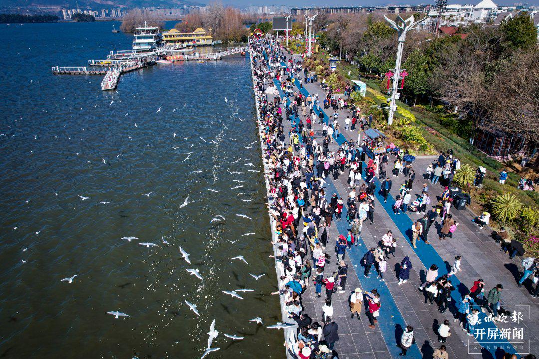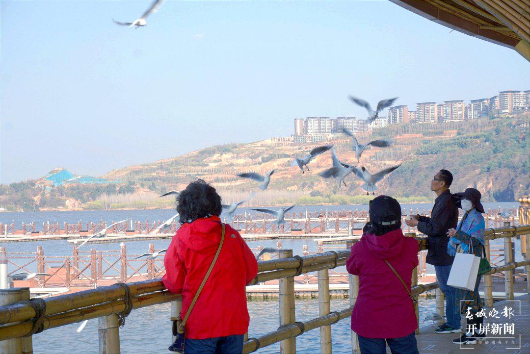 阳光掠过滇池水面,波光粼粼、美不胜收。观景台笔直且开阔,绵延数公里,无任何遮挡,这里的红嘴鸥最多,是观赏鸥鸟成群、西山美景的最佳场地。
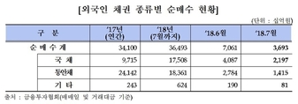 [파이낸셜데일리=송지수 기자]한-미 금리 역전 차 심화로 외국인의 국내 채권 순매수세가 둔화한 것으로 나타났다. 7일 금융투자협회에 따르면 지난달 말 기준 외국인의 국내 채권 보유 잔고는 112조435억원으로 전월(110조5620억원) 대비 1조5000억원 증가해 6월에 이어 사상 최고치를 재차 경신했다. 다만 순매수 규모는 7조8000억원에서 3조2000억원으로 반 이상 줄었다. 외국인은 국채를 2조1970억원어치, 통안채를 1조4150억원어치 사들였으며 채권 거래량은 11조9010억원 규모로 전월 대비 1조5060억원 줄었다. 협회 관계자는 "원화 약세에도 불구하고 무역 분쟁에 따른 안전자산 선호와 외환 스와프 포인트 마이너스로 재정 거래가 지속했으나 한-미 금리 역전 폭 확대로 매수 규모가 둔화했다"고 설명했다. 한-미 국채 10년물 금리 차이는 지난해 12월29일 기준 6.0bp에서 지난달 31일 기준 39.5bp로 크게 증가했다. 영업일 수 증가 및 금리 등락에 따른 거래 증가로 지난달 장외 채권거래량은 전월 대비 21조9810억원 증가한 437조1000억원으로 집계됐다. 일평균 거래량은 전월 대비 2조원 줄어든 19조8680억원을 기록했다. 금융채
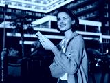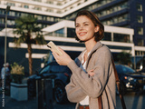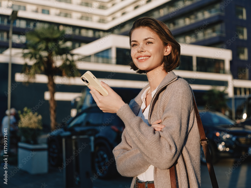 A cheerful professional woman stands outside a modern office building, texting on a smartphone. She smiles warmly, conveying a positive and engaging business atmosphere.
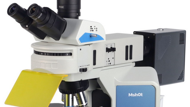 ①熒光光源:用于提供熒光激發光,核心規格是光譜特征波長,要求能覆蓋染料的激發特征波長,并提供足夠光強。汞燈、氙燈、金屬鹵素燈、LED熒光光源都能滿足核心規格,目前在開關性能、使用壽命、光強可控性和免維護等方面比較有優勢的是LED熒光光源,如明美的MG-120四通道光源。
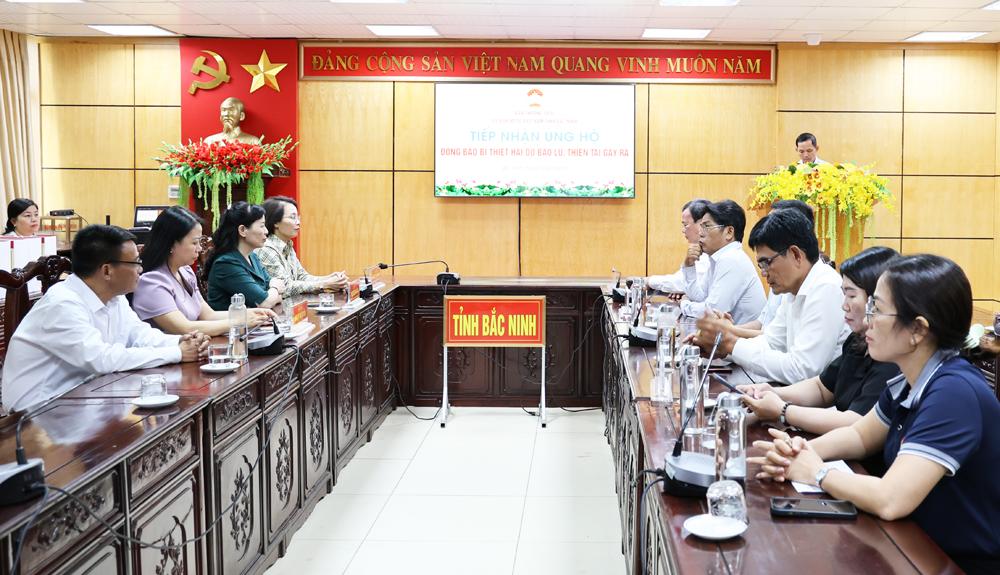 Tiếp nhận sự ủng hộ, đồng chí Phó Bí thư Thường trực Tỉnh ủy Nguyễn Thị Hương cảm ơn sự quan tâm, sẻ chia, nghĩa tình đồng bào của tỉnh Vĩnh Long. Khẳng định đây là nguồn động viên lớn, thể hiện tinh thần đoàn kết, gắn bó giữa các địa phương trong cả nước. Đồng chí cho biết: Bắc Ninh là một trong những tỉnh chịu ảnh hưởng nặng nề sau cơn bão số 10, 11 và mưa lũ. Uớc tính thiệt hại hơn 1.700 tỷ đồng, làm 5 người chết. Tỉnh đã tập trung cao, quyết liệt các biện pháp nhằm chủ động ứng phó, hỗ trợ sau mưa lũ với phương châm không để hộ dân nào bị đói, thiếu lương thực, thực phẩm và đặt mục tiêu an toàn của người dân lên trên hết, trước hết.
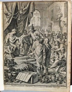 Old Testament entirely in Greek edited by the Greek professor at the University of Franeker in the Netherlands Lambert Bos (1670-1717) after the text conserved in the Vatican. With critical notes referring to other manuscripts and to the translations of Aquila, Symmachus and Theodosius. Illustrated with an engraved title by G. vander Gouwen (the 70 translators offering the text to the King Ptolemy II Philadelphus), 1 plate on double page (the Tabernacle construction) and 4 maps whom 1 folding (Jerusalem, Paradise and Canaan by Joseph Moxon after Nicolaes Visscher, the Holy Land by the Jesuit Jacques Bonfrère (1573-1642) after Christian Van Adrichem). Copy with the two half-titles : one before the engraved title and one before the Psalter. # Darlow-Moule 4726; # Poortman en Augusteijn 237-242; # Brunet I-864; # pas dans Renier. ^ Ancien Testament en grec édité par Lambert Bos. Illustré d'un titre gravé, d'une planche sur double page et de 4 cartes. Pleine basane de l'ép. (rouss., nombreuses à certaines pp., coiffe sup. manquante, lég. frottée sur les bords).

^^^^^^^^

Exactly reproduce the run of lines from the start of the listing through the line with "[파이낸셜데일리=송지수 기자]한-미 금리", inclusive; pictures are not copied.

 阳光掠过滇池水面,波光粼粼、美不胜收。观景台笔直且开阔,绵延数公里,无任何遮挡,这里的红嘴鸥最多,是观赏鸥鸟成群、西山美景的最佳场地。
 [파이낸셜데일리=송지수 기자]한-미 금리 역전 차 심화로 외국인의 국내 채권 순매수세가 둔화한 것으로 나타났다. 7일 금융투자협회에 따르면 지난달 말 기준 외국인의 국내 채권 보유 잔고는 112조435억원으로 전월(110조5620억원) 대비 1조5000억원 증가해 6월에 이어 사상 최고치를 재차 경신했다. 다만 순매수 규모는 7조8000억원에서 3조2000억원으로 반 이상 줄었다. 외국인은 국채를 2조1970억원어치, 통안채를 1조4150억원어치 사들였으며 채권 거래량은 11조9010억원 규모로 전월 대비 1조5060억원 줄었다. 협회 관계자는 "원화 약세에도 불구하고 무역 분쟁에 따른 안전자산 선호와 외환 스와프 포인트 마이너스로 재정 거래가 지속했으나 한-미 금리 역전 폭 확대로 매수 규모가 둔화했다"고 설명했다. 한-미 국채 10년물 금리 차이는 지난해 12월29일 기준 6.0bp에서 지난달 31일 기준 39.5bp로 크게 증가했다. 영업일 수 증가 및 금리 등락에 따른 거래 증가로 지난달 장외 채권거래량은 전월 대비 21조9810억원 증가한 437조1000억원으로 집계됐다. 일평균 거래량은 전월 대비 2조원 줄어든 19조8680억원을 기록했다. 금융채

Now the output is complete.